■ **WHAT YOU SHOULD DO**
Each line from the one containing "The respective thresholds" to the last line of the listing below is to be duplicated exactly, and no picture is to be carried over.

■ **EXERCISE INPUT**
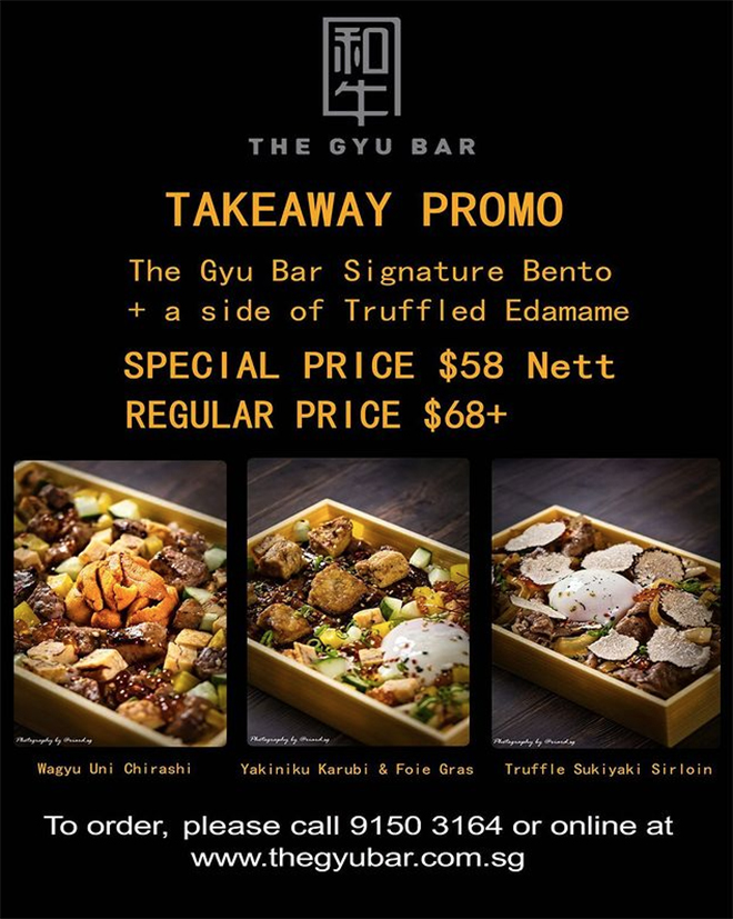 Get any one of three Gyu Bar signature bentos in Wagyu Uni Chirashi, Yakiniku Karubi & Foie Gras, and Truffle Sukiyaki Sirloin for a mere $58 (U.P. $68). Complete with a free side of Truffle Edamame, this promotion will run for a limited time only. To order simply visit the Gyu Bar’s official website or call 91503164!
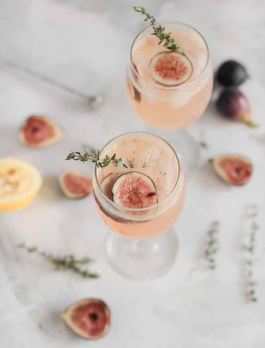 For the cocktail, muddle figs and lemon juice in the bottom of a glass. Add ice, 3/4 of the thyme syrup and Sprite. Stir and garnish with fig and a sprig of thyme.
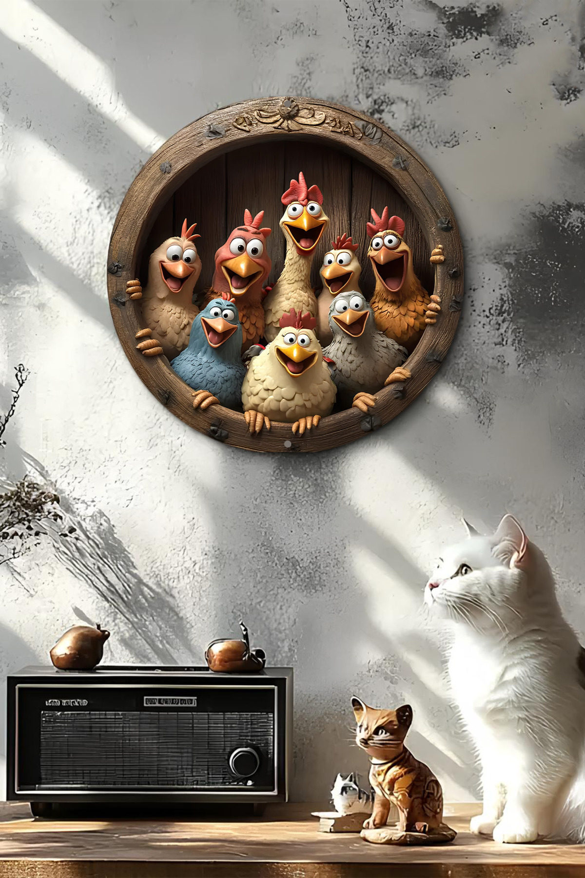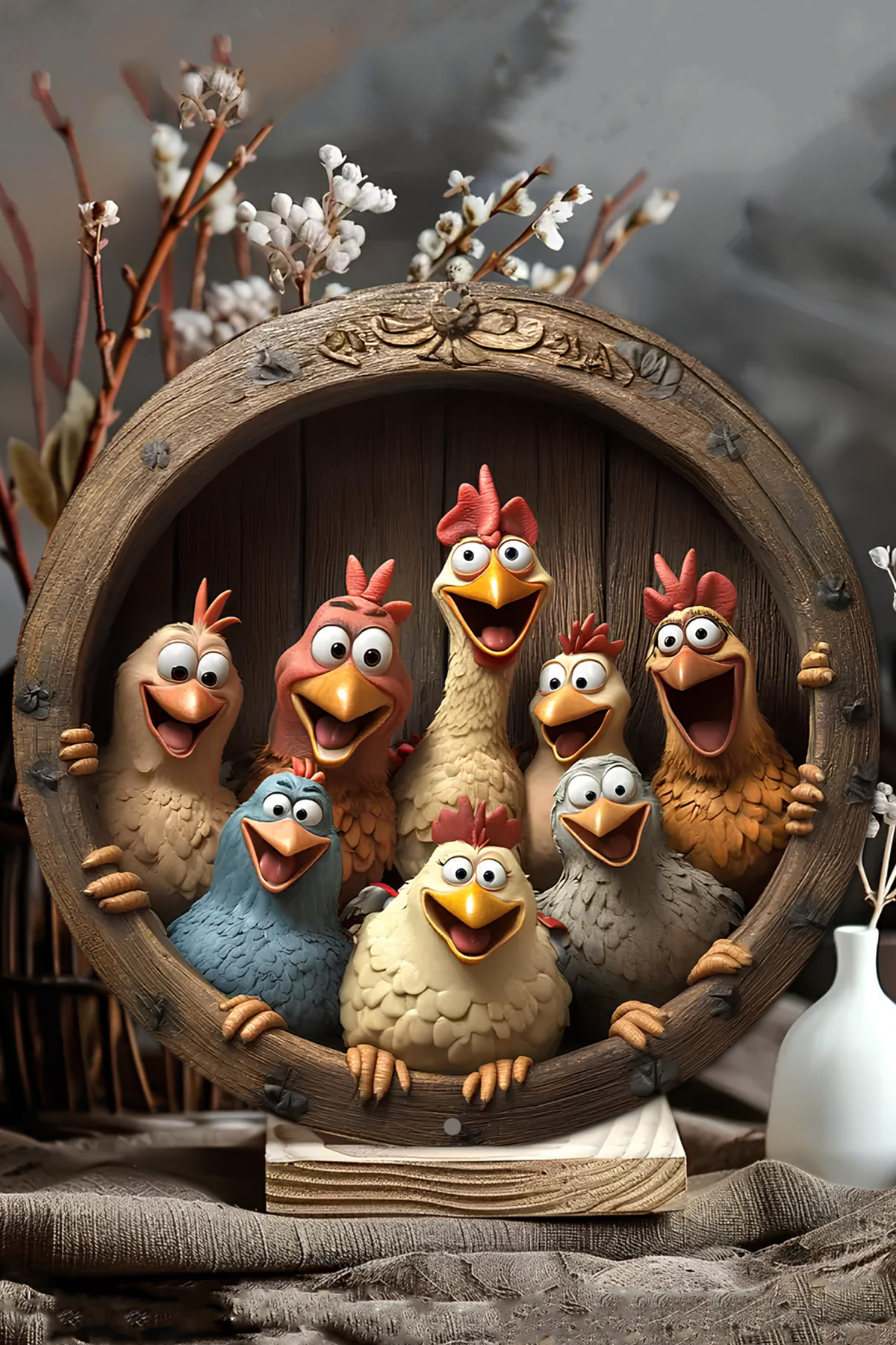 🐔 Sevimli Tavuk Ailesi Duvar Dekoru – 20 cm MDF Askılı Süs DT004
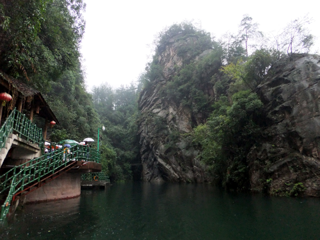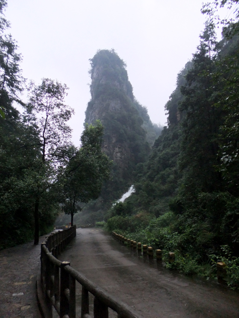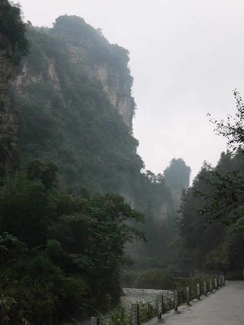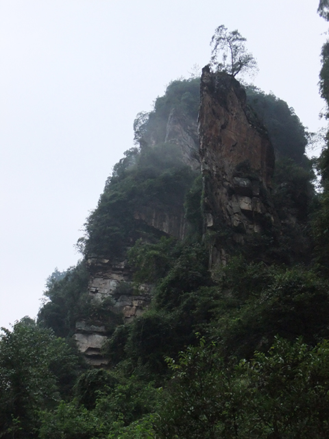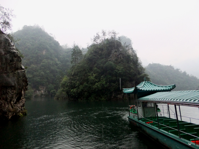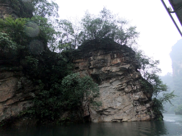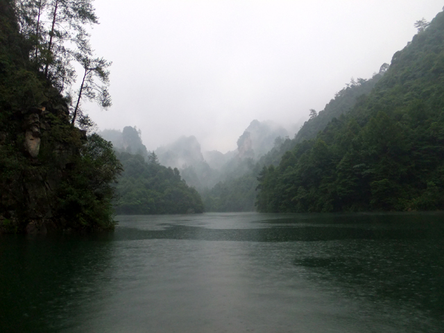 儘管此湖規劃於「索溪峪」,順理成章應在「武陵源」之範圍,然或因其地理位置,倒無需從「武陵源」大門進入,遊覽車彎彎拐拐,就這麼將我們帶至湖區了。不過也非如想像,瞬時便有清雅水色映入眼簾,抬首遠望,道路兩側嶺峰綿延,偶爾,粗豪陡崖崩散為錐岩,離群偉立,以孤傲姿態昂揚指天,而寶峰湖還隱匿於山後,等著我們去探尋。
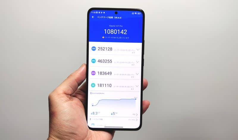 Au quotidien, le Xiaomi 12T Pro est super fluide et agréable à utiliser, les résultats de AnTuTu le place en haut dans le tableau des scores puisqu’il fait partie des téléphones dépassant 1 million de points !
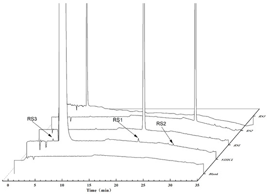 The respective thresholds used for LOD and LOQ determinations were signal-to-noise ratios of 3:1 and 10:1. The RSD of the areas for six replicate injections at the LOQ concentration was <10% and the respective signal-to-noise ratios at the LOD and LOQ concentrations were less than three and ten. Respective measured LOD values for RS1, RS2, and RS3 were 0.103, 0.0823, and 0.0854 µg/mL, with corresponding LOQ values of 0.309, 0.248, and 0.256 µg/mL. The LOD and LOQ for STHCl were 0.0625 and 0.1875 µg/mL, respectively. The resultant data are presented in Table 3.
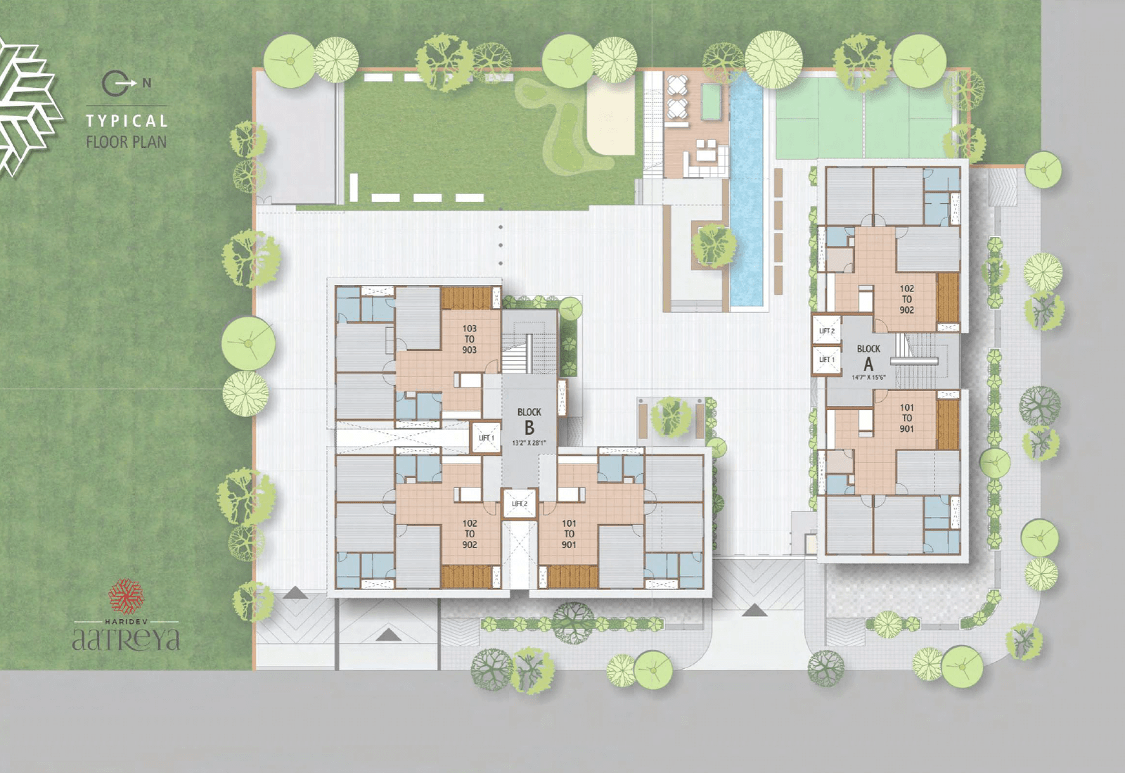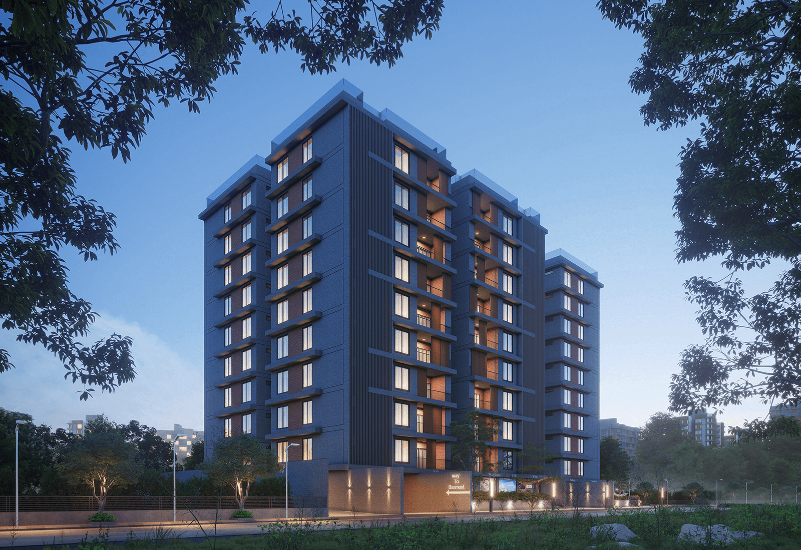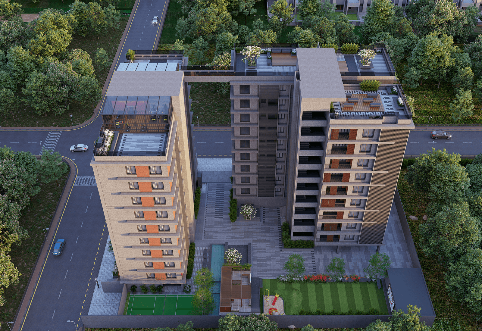 It is an exclusive scheme of 3BHK apartments for just 45 families aimed to create a harmonious living experience. Haridev Aatreya is located in a plush, serene location just off the SG Highway. Packed with all premium amenities like a meditation hall, badminton court, outdoor amphitheatre, rooftop gym, terrace garden, etc., to offer an unmatched lifestyle.
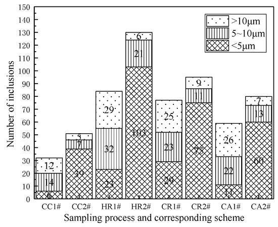 Figure 3 shows the number of inclusions in different size ranges under corresponding processes and schemes. The amount of inclusion with CC, HR, CR, and CA process greater than 10 μm under the statistical field of view of sample 1# group were 12, 29, 25, 26, respectively. The sample 2# group were 5, 6, 9, and 7 respectively. The proportion of inclusions less than 5 μm in each process of sample 1# group were 18.7%, 27.4%, 37.7%, and 18.6%, respectively. The sample 2# group were 76.5%, 79.2%, 78.9%, and 75%, respectively. It can be seen that the inclusion scale decreased and the number of inclusions increased obviously in the whole casting and rolling process after adding rare earth.

■ **TASK RESPONSE**
 The respective thresholds used for LOD and LOQ determinations were signal-to-noise ratios of 3:1 and 10:1. The RSD of the areas for six replicate injections at the LOQ concentration was <10% and the respective signal-to-noise ratios at the LOD and LOQ concentrations were less than three and ten. Respective measured LOD values for RS1, RS2, and RS3 were 0.103, 0.0823, and 0.0854 µg/mL, with corresponding LOQ values of 0.309, 0.248, and 0.256 µg/mL. The LOD and LOQ for STHCl were 0.0625 and 0.1875 µg/mL, respectively. The resultant data are presented in Table 3.
 It is an exclusive scheme of 3BHK apartments for just 45 families aimed to create a harmonious living experience. Haridev Aatreya is located in a plush, serene location just off the SG Highway. Packed with all premium amenities like a meditation hall, badminton court, outdoor amphitheatre, rooftop gym, terrace garden, etc., to offer an unmatched lifestyle.
 Figure 3 shows the number of inclusions in different size ranges under corresponding processes and schemes. The amount of inclusion with CC, HR, CR, and CA process greater than 10 μm under the statistical field of view of sample 1# group were 12, 29, 25, 26, respectively. The sample 2# group were 5, 6, 9, and 7 respectively. The proportion of inclusions less than 5 μm in each process of sample 1# group were 18.7%, 27.4%, 37.7%, and 18.6%, respectively. The sample 2# group were 76.5%, 79.2%, 78.9%, and 75%, respectively. It can be seen that the inclusion scale decreased and the number of inclusions increased obviously in the whole casting and rolling process after adding rare earth.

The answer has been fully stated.